ACTIVITY: Please retype the records below exactly as they appear, but leave out the pictures.

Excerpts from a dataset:
--- START ---

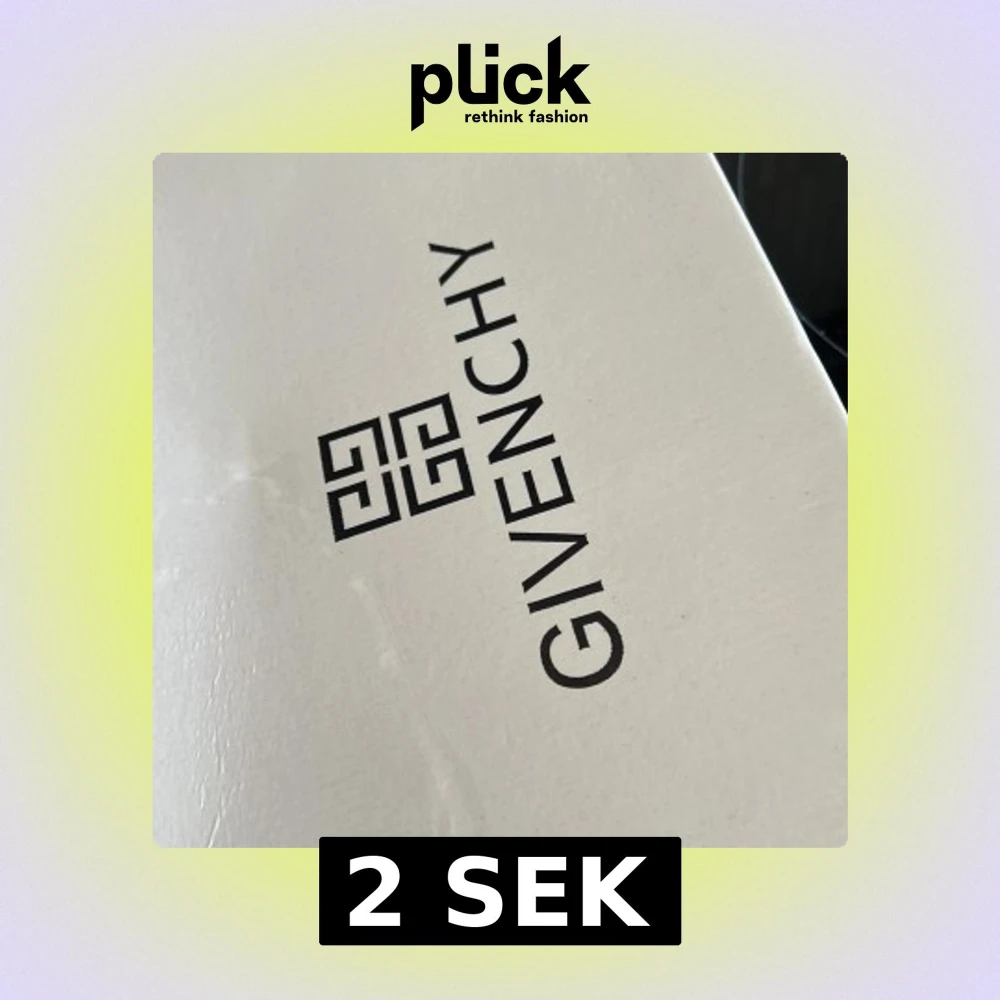 Vit skokartong från Givenchy med svart logotyp och text på locket. Perfekt för dig som vill ha en exklusiv känsla till dina skor eller behöver en snygg förvaring.
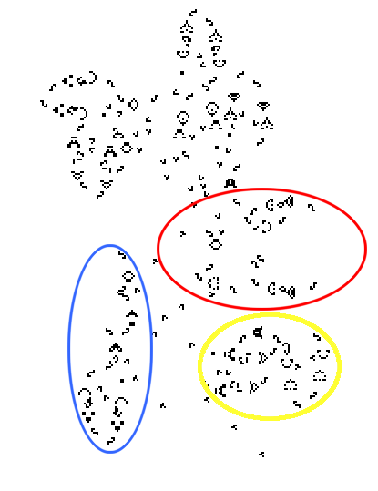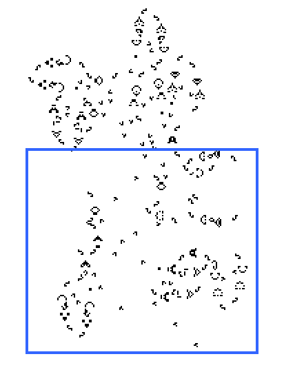 La zona ennmarcada en azul es un gun que emite gliders que hace rebotar las entradas y éstas enntonces se dirigen hacia la zona enmarcada en rojo .
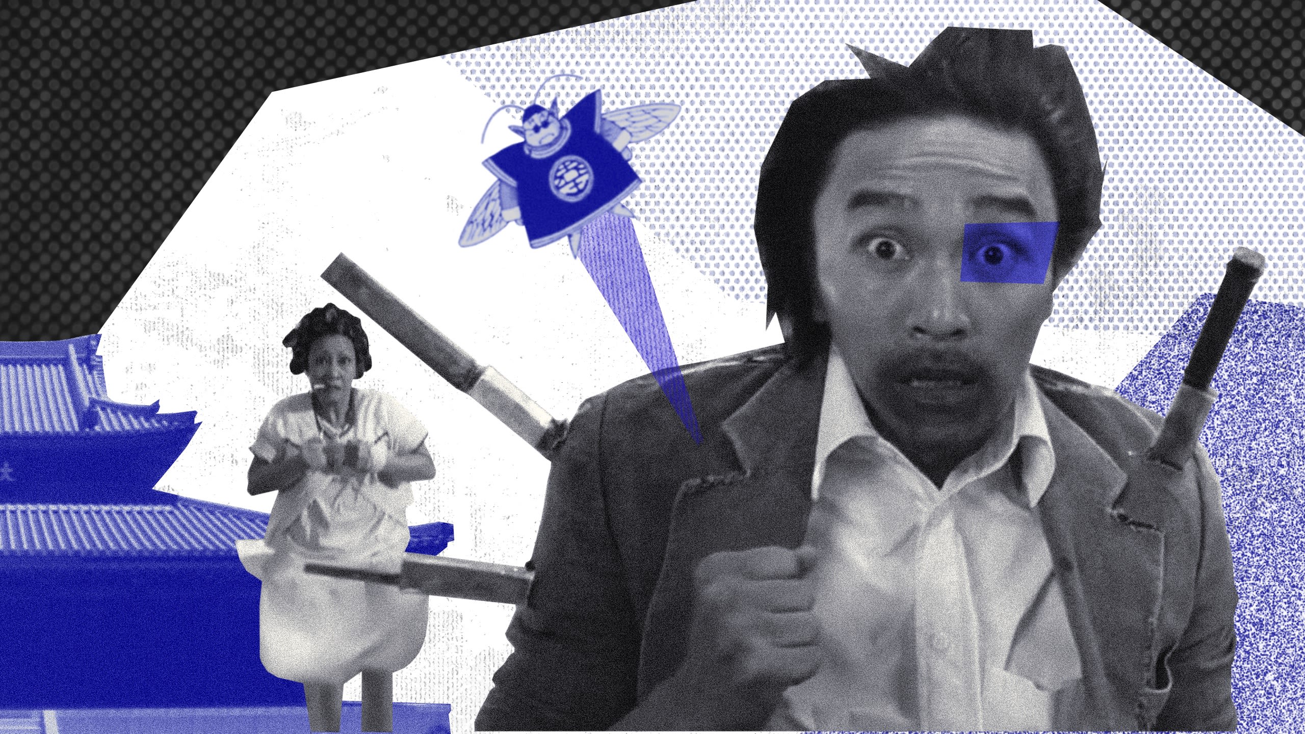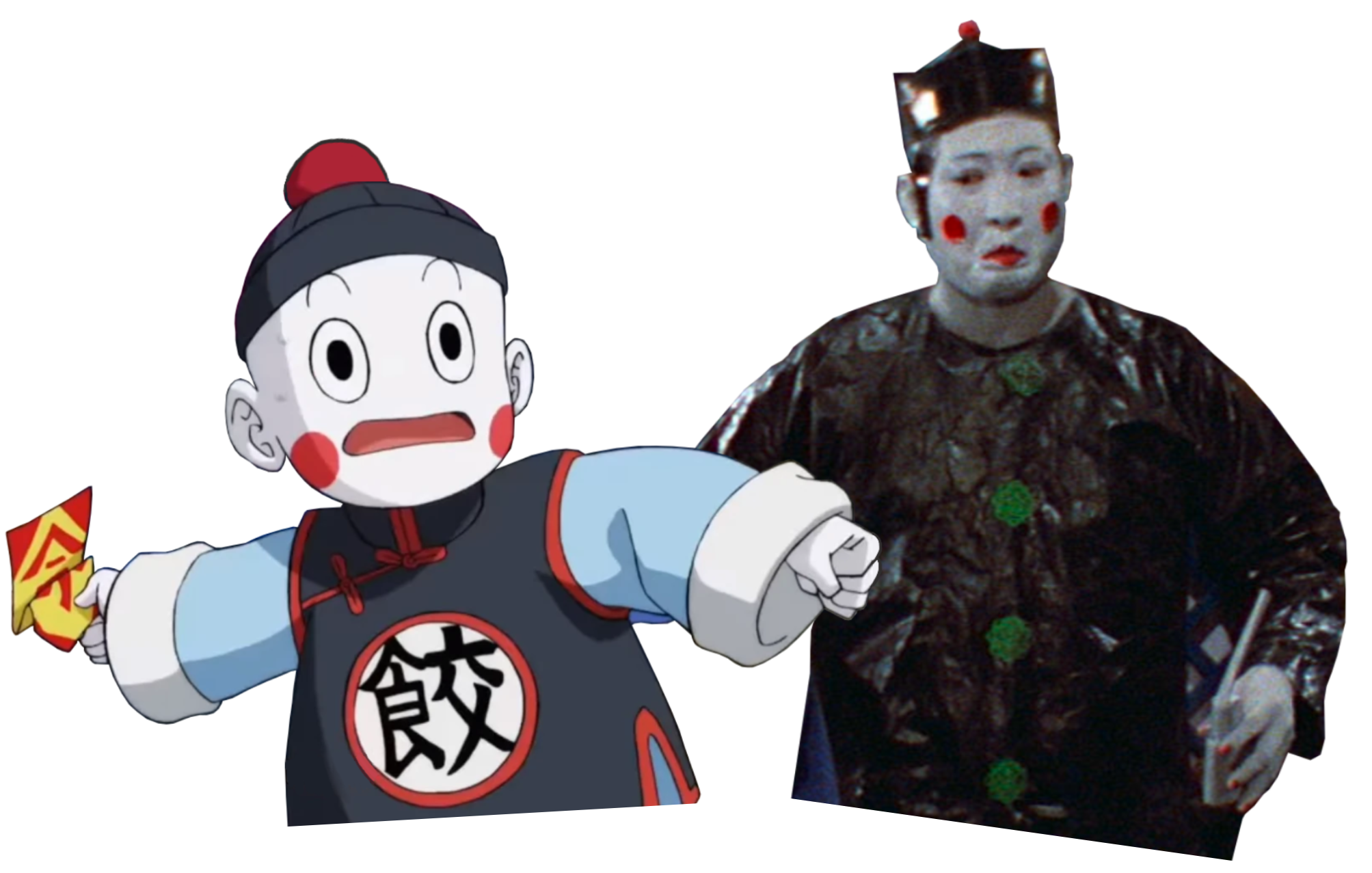 七龙珠角色饺子和洪金宝在电影《人吓人》中的装扮(网络图片)
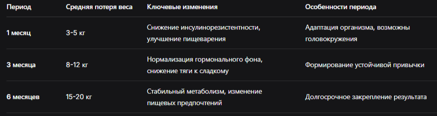 Таблица: Результаты интервального голодания 16/8
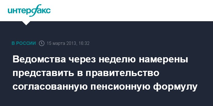 Санкт-Петербург. 15 марта. INTERFAX.RU - Ведомства через неделю представят в правительство согласованную пенсионную формулу, сообщил министр финансов Антон Силуанов журналистам в пятницу.
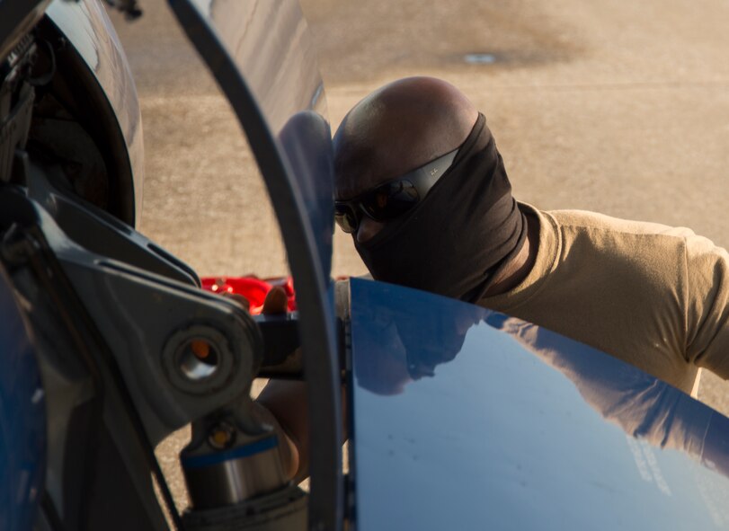 Tech. Sgt. Dante Davis, a crew chief with the 919th Special Operations Aircraft Maintenance Squadron, wears additional personal protective equipment while inspecting a C-146A Wolfhound aircraft at Duke Field, Fla., April 13, 2020. Davis recently completed upgrade training in spite of restrictions put in place to reduce the spread of the corona virus. (U.S. Air Force photo by Nicole King)

--- END ---

WRITTEN SOLUTION:
 Vit skokartong från Givenchy med svart logotyp och text på locket. Perfekt för dig som vill ha en exklusiv känsla till dina skor eller behöver en snygg förvaring.
 La zona ennmarcada en azul es un gun que emite gliders que hace rebotar las entradas y éstas enntonces se dirigen hacia la zona enmarcada en rojo .
 七龙珠角色饺子和洪金宝在电影《人吓人》中的装扮(网络图片)
 Таблица: Результаты интервального голодания 16/8
 Санкт-Петербург. 15 марта. INTERFAX.RU - Ведомства через неделю представят в правительство согласованную пенсионную формулу, сообщил министр финансов Антон Силуанов журналистам в пятницу.
 Tech. Sgt. Dante Davis, a crew chief with the 919th Special Operations Aircraft Maintenance Squadron, wears additional personal protective equipment while inspecting a C-146A Wolfhound aircraft at Duke Field, Fla., April 13, 2020. Davis recently completed upgrade training in spite of restrictions put in place to reduce the spread of the corona virus. (U.S. Air Force photo by Nicole King)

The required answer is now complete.